Se trata de un sistema de construcción adaptado al entorno natural para maximizar la eficiencia energética del inmueble.
Nuestras casas son, en cuanto hogar, los sitios donde vivimos, descansamos, disfrutamos e incluso, en algunos casos, trabajamos. Gran parte de nuestra vida discurre entre esas pocas paredes. También es en ellas donde consumimos gran parte de la energía que gastamos día a día. No solo a través de electrodomésticos como lavadoras, televisiones o lavavajillas: también es el caso de la calefacción en invierno y el aire acondicionado en verano. Para dar cabida a estas comodidades básicas, sin embargo, es esencial ser eficiente; es decir: utilizar la energía de forma racional para abastecer un inmueble, no gastando sin necesidad. Desde esta perspectiva lógica han surgido corrientes arquitectónicas tan populares en la actualidad como la llamada passivhaus (en castellano, ‘casa pasiva’).
Esta forma de construcción centra su existencia en España en seis pilares: un aislamiento térmico más robusto, la reducción de hasta diez veces los puentes térmicos con respecto a un edificio tradicional, unas ventanas de alta calidad con triples cristales, hermeticidad, ventilación mecánica controlada y una protección solar óptima. Para ello, la passivhaus utiliza los principios de la arquitectura bioclimática, cuyo diseño se centra en las condiciones climáticas y los recursos disponibles —como la luz solar, la vegetación, la lluvia o los vientos— para disminuir el consumo energético. Es decir, se trata de una construcción centrada en el confort, pero también en las bases ecológicas. En sí, no obstante, el concepto no es completamente nuevo: la arquitectura popular, por ejemplo, siempre ha tenido que enfrentarse a los avatares del clima con el menor gasto posible de energía. Hoy también tenemos que adaptarnos cuanto antes: según la Agencia Internacional de la Energía, el consumo de energía de los edificios ha aumentado un 7% desde 2010.

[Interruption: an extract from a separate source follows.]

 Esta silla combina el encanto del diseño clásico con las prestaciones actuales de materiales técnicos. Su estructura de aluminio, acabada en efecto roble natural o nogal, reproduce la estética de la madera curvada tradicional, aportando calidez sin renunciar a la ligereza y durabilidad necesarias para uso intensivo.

Para obtener el Estándar Passivhaus se necesita haber reducido en un 90% la demanda energética relativa a la calefacción
¿Pasividad o adaptación natural?
La construcción de la primera casa pasiva tuvo lugar en la ciudad alemana de Darmstadt, en 1991, y los resultados fueron notables. Su artífice, el científico Wolfgang Feist, logró reducir el consumo de energía en un 87% respecto a una vivienda tradicional. Hoy, incluso esa cifra parece quedarse corta: una vivienda que cumpla el llamado Estándar Passivhaus (marcado, a su vez, por el Passivhaus-Institut) deberá haber reducido en un 90% la demanda energética relativa a la calefacción.

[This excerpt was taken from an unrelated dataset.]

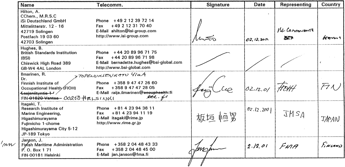 Date(s) of Meeting: 2001-12-02 to 2001-12-05 Place of Meeting: Sirkka/Finland

Más allá de sus logros técnicos, el principal triunfo de las casas pasivas reside en su adaptación a las condiciones impuestas por el entorno. Al fin y al cabo, la propia expresión de «casa pasiva» se usa para definir los principios de captación, almacenamiento y distribución que la hacen capaz de «funcionar sola», sin aportaciones de energía exterior a través de técnicas sencillas, sin equipo o tecnología alguna. La disposición de sombras estratégicas en la vivienda, por ejemplo, ayuda a enfriar el hogar y a mantenerlo en unos límites térmicos razonables. De este modo, las passivhaus no son iguales en las zonas montañosas que en las costeras o desérticas: en las primeras, por ejemplo, es habitual buscar una ladera soleada que esté al resguardo de las rachas de viento, ubicando las ventanas hacia el sol del mediodía; en la última, en cambio, se suele buscar construir gruesos muros con los que elaborar una poderosa masa térmica. Son las condiciones del lugar las que dictan de forma natural las construcciones adaptándolas al medio ambiente, no al revés.

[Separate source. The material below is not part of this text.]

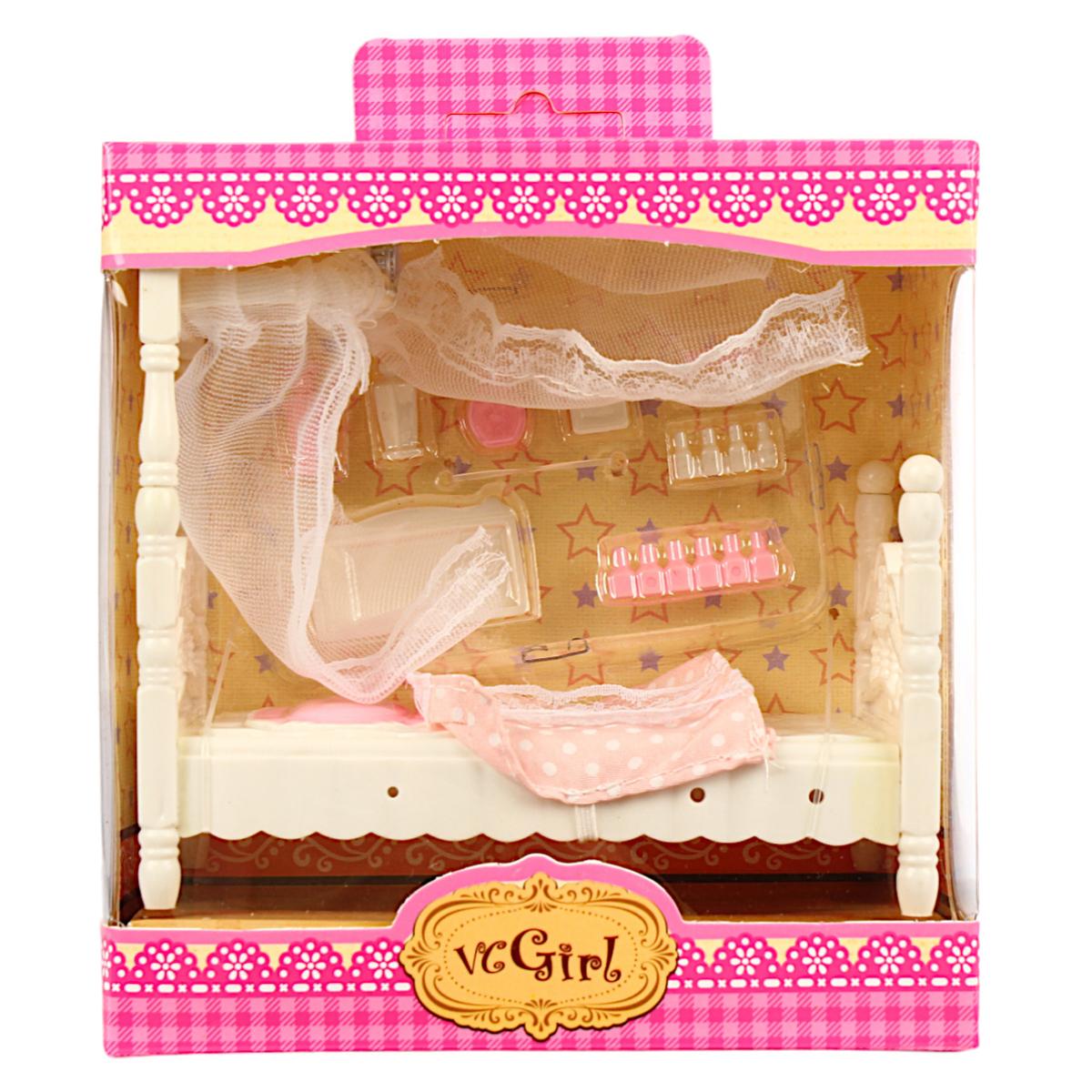 Игрушечная кровать для кукол с балдахином и аксессуарами, пластик, 10,5х6,5х12см

El consumo anual de energía por parte de una casa pasiva es alrededor de un 80% más bajo que el de las viviendas tradicionales
La diferencia económica en estos modelos de edificación puede ser considerable, llegando a suponer un ahorro de cientos de euros al año en gasto energético. Y es que, aunque el desembolso inicial puede ser mayor a la hora de comprar una vivienda, el consumo anual de energía por su parte se sitúa alrededor de un 80% más bajo, con lo que el coste «extra» se puede amortizar entre cinco y diez años: una inversión a largo plazo tanto para nuestros bolsillos como para el futuro del planeta.